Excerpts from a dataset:
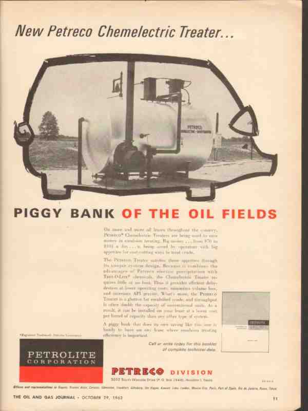 Original oil and gas trade magazine vintage ad for PETROLITE CORPORATION of Houston, TX.  Petreco Division. New Petreco Chemelectric Treater, Piggy Bank of the Oil Fields.  Used to save money in emulsion treating.  This unique 1962 old petroleum oilfield equipment industry magazine advertisement would display beautifully matted and framed.
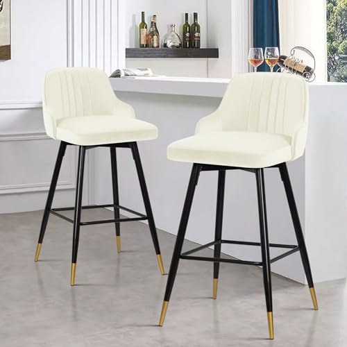 Bekrvio 65CM Bar Seats Set of 2, Modern Velvet Swivel Bar Stools with Arms, Back...
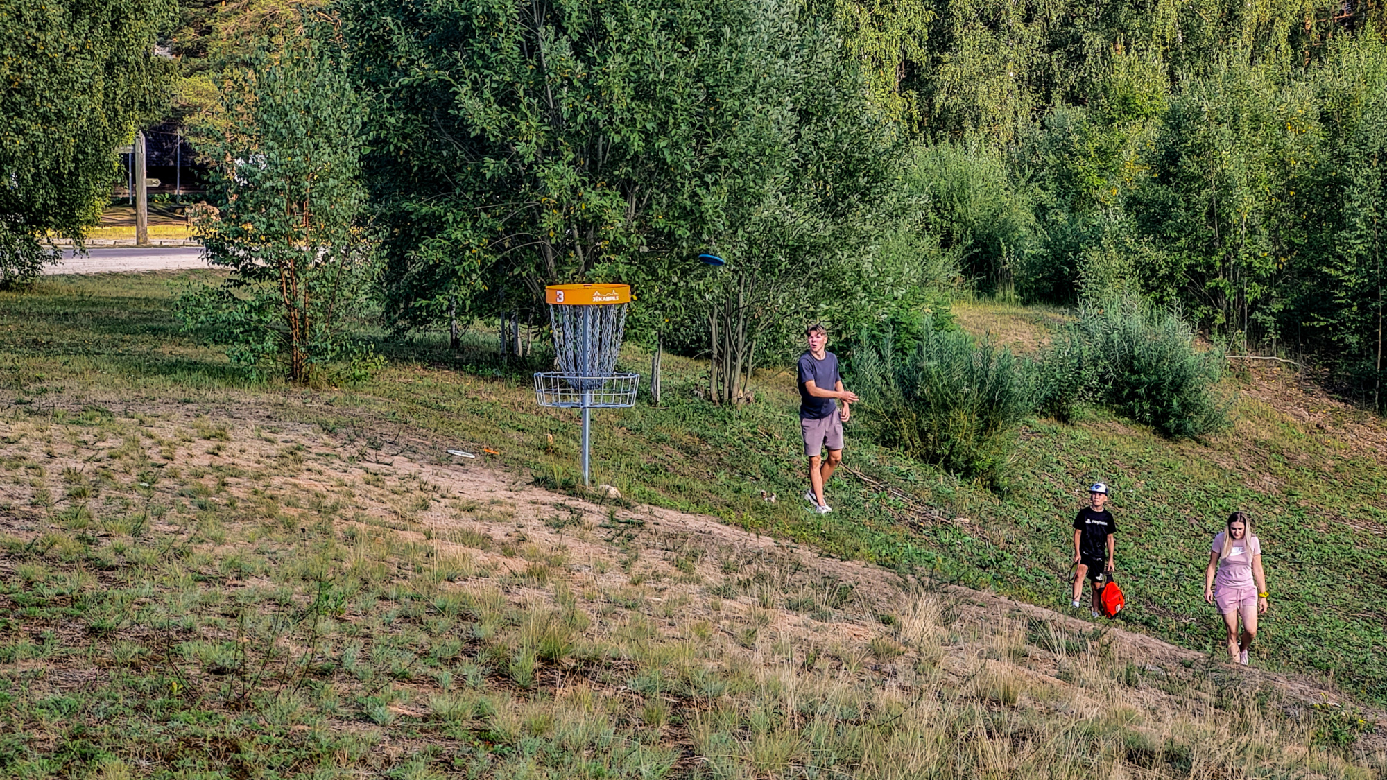 Jēkabpils Mežaparkā norisinājušās disku golfa sacensības. Tas bija turnīra “Lūša ķepa” pirmais posms, un tajā par uzvaru cīnījās 44 dalībnieki – deviņas dāmas un 35 kungi. Disku golfs notiek teritorijā, kur izvietoti vairāki celiņi un grozi. Jēkabpils Mežaparkā ir deviņi celiņi un grozi. Spēlētājam no starta laukuma jāmēģina trāpīt grozā lidojošo disku. Ja ar pirmo reizi neizdodas, tad nākamais metiens jāveic no vietas, kur piezemējās spēlētāja disks. Šādā veidā jāiziet visi celiņi, cenšoties disku grozā iemest ar mazāku metienu skaitu. Tā kā spēle notiek ārā, svarīga ir ne tikai metiena tehnika un pareiza trajektorijas izvēle, bet arī laika apstākļu un laukumā esošo šķēršļu izvērtēšana, jo diska lidojumu ietekmē vējš, koki un citi infrastruktūras objekti. Sacensībās Jēkabpilī piedalījās gan jau pieredzējuši spēlētāji, gan iesācēji.
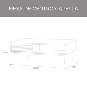 La Mesa de Centro Capella combina diseño limpio y funcionalidad en una pieza de gran carácter.
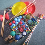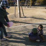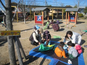 西大寺緑花公園の砂場や遊具がある場所に、プレイキットを並べてあそびました。

→ **The task**:
Find the line that contains "La Mesa de Centro", then write out that line and each one after it, exactly and with nothing else, through the end of the entries above, without the pictures.

→ **Response**:
 La Mesa de Centro Capella combina diseño limpio y funcionalidad en una pieza de gran carácter.
 西大寺緑花公園の砂場や遊具がある場所に、プレイキットを並べてあそびました。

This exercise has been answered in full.